[PROVIDED MATERIAL Boundary: Start]

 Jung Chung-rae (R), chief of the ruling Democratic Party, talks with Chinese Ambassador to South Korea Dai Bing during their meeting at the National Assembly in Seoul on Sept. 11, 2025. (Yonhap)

[PROVIDED MATERIAL Boundary: End]
[PROVIDED MATERIAL Boundary: Start]

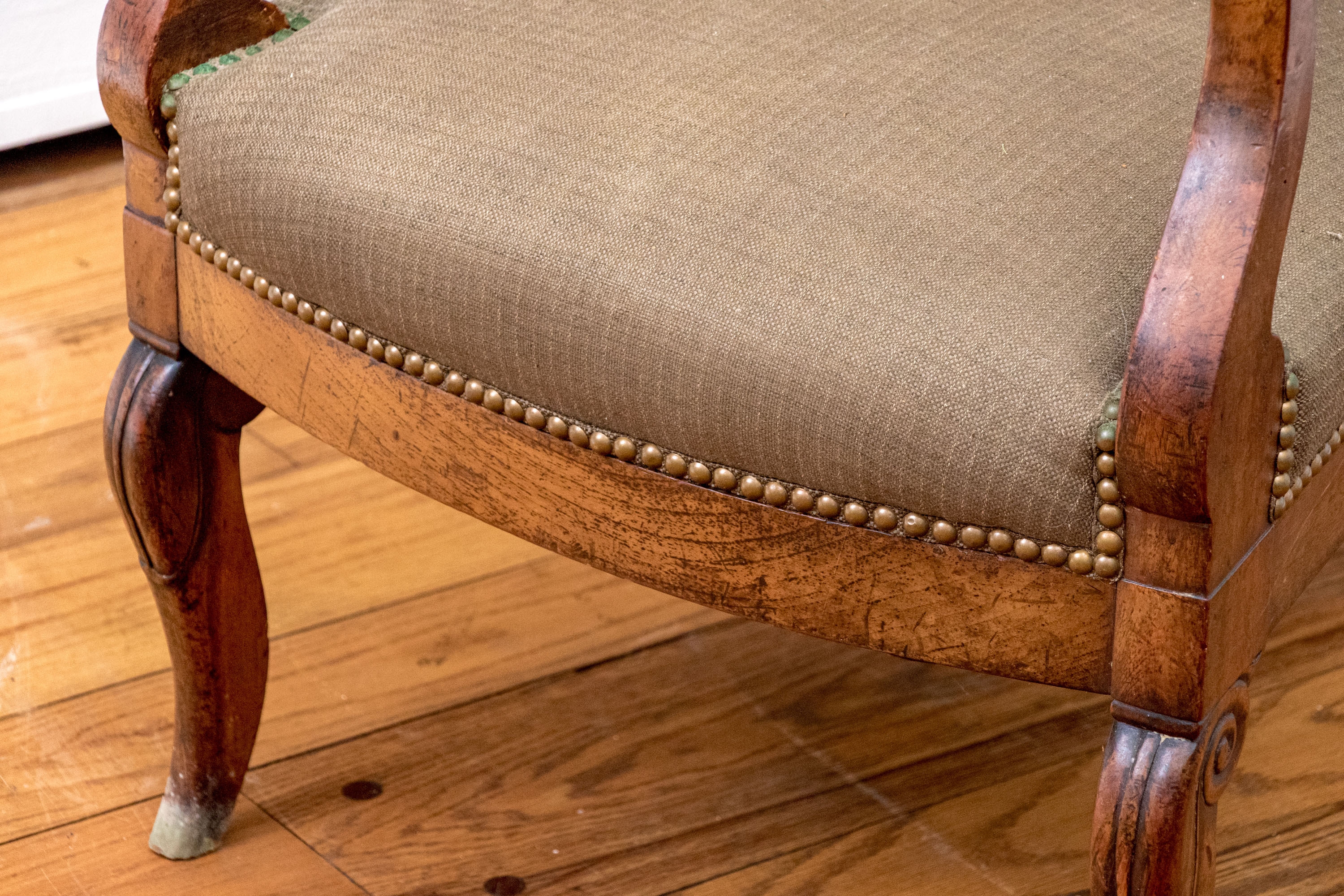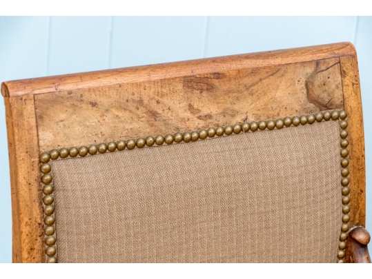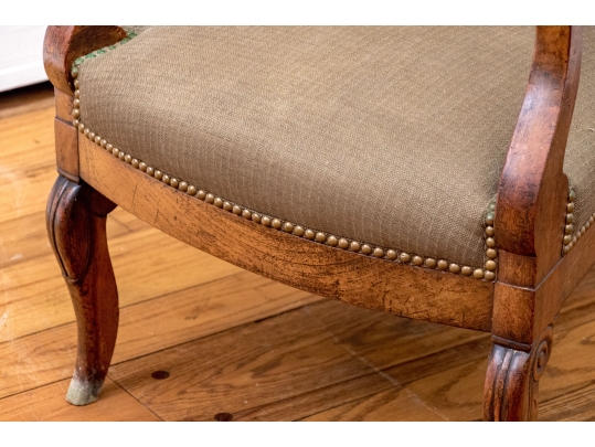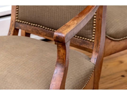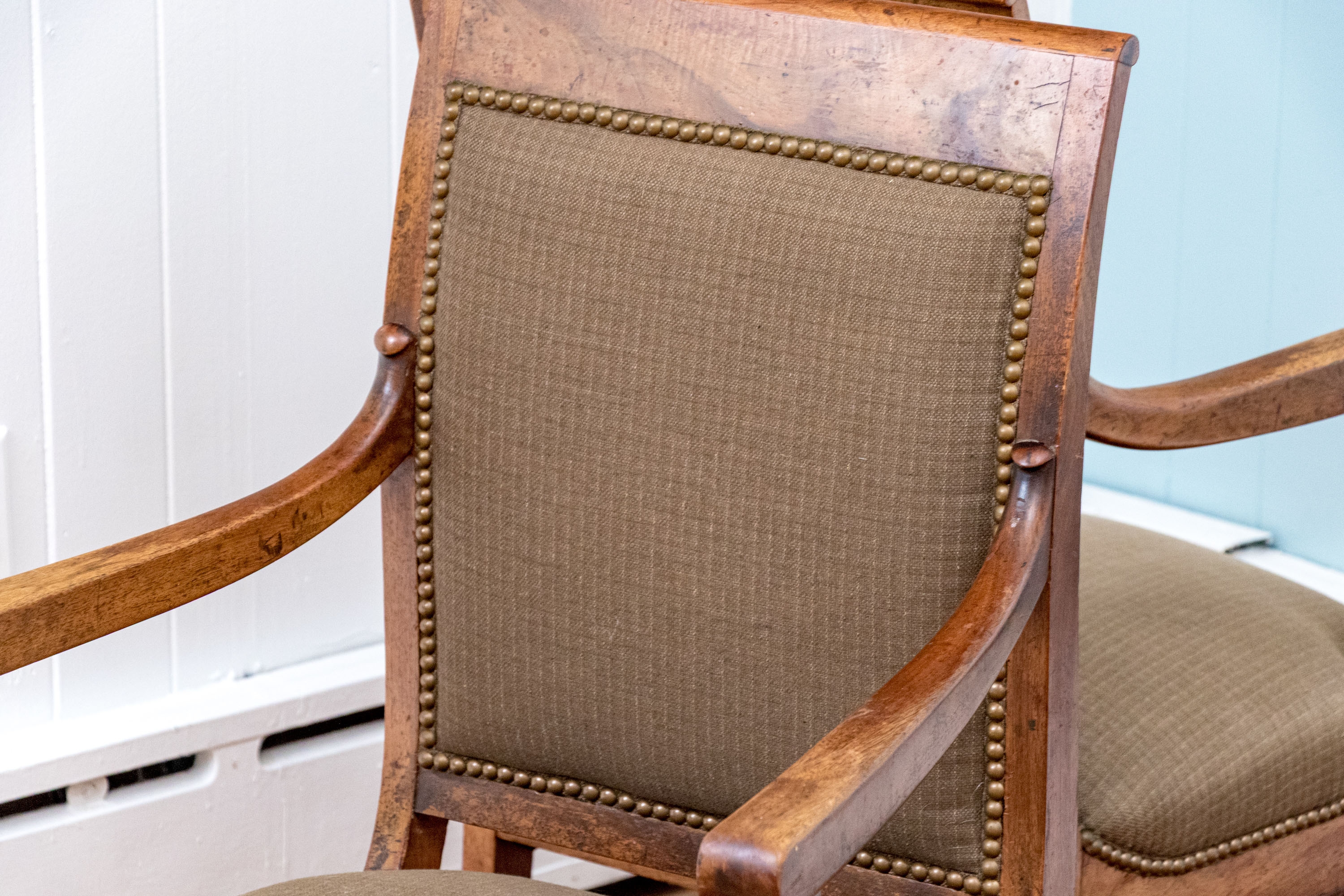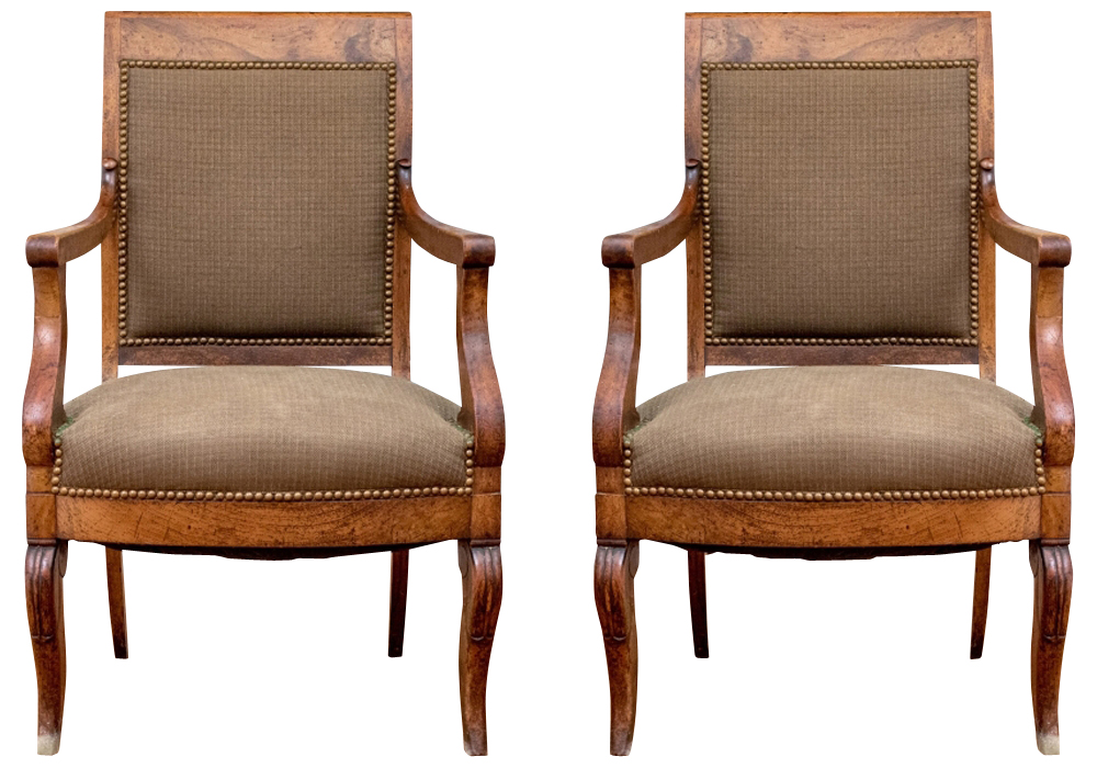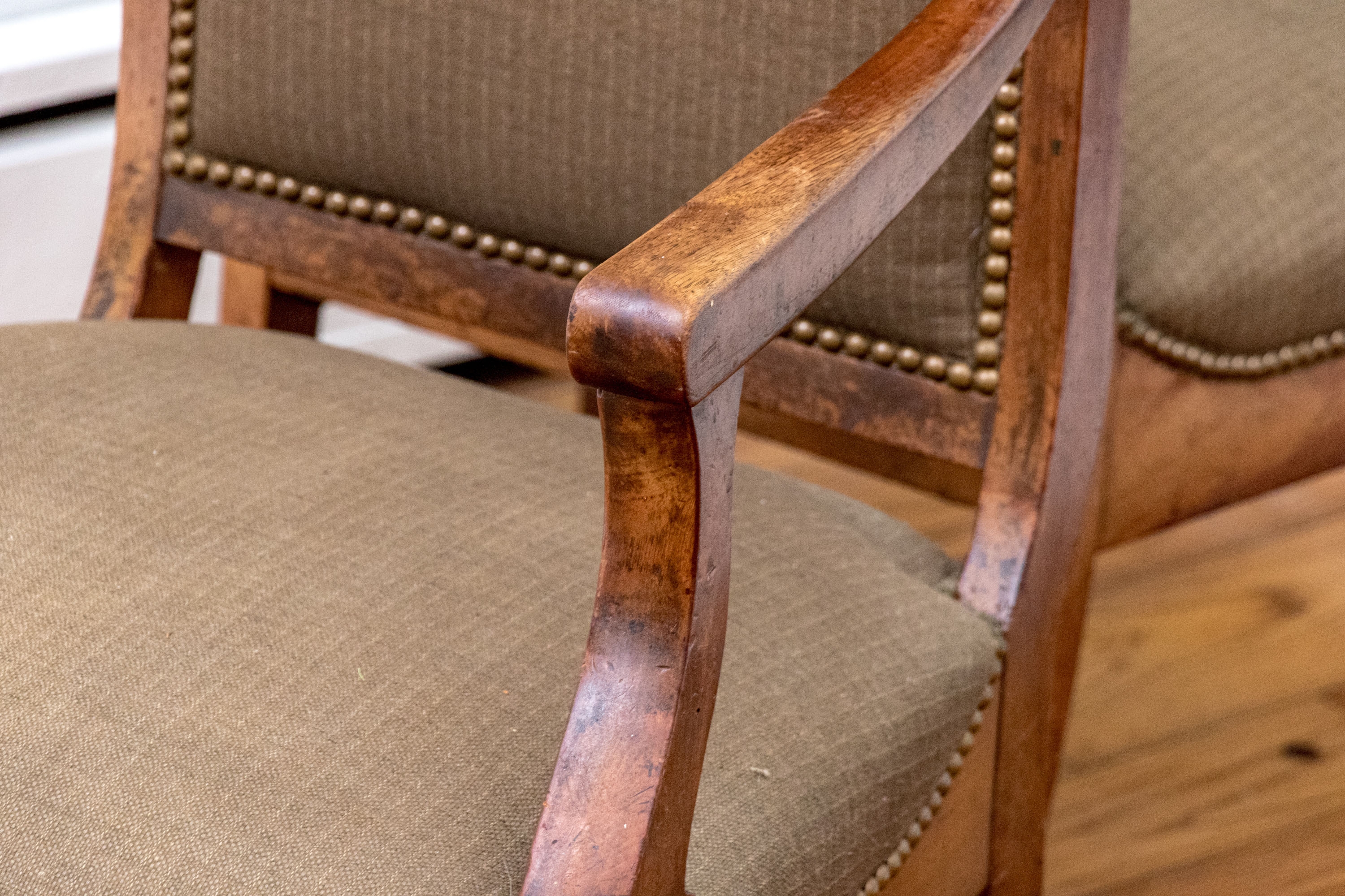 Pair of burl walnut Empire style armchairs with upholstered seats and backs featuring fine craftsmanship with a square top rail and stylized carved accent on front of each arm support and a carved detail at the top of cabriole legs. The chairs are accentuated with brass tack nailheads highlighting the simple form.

[PROVIDED MATERIAL Boundary: End]
[PROVIDED MATERIAL Boundary: Start]

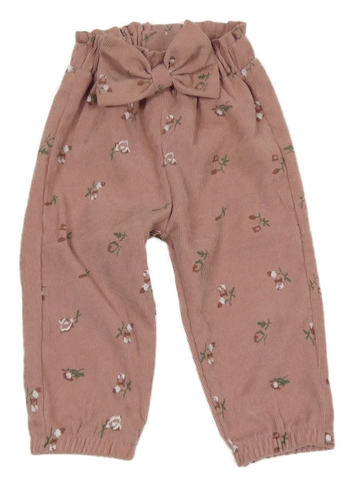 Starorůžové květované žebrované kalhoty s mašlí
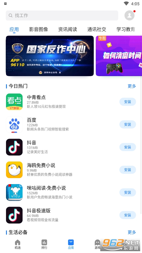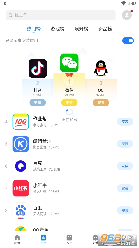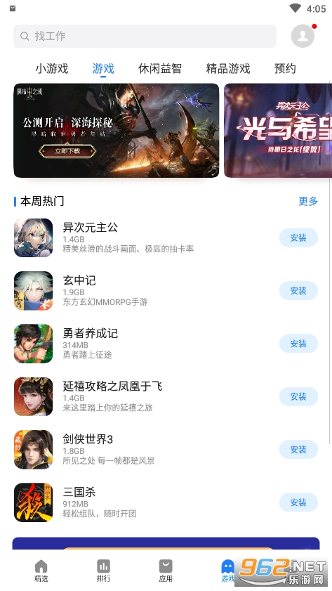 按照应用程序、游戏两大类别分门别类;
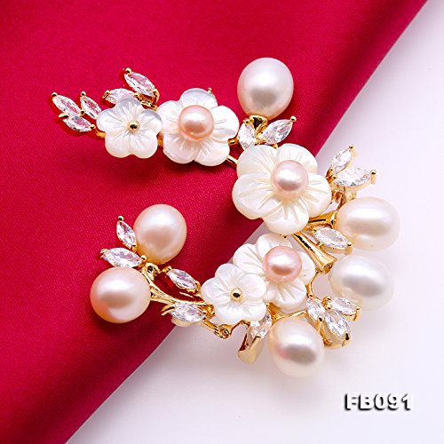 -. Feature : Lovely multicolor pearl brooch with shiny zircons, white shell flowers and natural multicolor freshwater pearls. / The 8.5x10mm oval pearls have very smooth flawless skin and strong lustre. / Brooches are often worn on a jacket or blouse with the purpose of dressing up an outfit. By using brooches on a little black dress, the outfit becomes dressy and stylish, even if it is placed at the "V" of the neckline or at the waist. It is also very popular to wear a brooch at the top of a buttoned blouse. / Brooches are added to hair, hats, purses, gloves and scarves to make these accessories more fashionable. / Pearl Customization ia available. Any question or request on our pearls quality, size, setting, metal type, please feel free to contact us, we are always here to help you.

[PROVIDED MATERIAL Boundary: End]

• _ABOUT THIS EXERCISE_
Both the line above containing "Starorůžové květované žebrované" and the line containing "-. Feature : Lovely" belong in the copy, along with every line between them; print these exactly and omit the pictures.

• _RESPONSE AREA_
 Starorůžové květované žebrované kalhoty s mašlí
 按照应用程序、游戏两大类别分门别类;
 -. Feature : Lovely multicolor pearl brooch with shiny zircons, white shell flowers and natural multicolor freshwater pearls. / The 8.5x10mm oval pearls have very smooth flawless skin and strong lustre. / Brooches are often worn on a jacket or blouse with the purpose of dressing up an outfit. By using brooches on a little black dress, the outfit becomes dressy and stylish, even if it is placed at the "V" of the neckline or at the waist. It is also very popular to wear a brooch at the top of a buttoned blouse. / Brooches are added to hair, hats, purses, gloves and scarves to make these accessories more fashionable. / Pearl Customization ia available. Any question or request on our pearls quality, size, setting, metal type, please feel free to contact us, we are always here to help you.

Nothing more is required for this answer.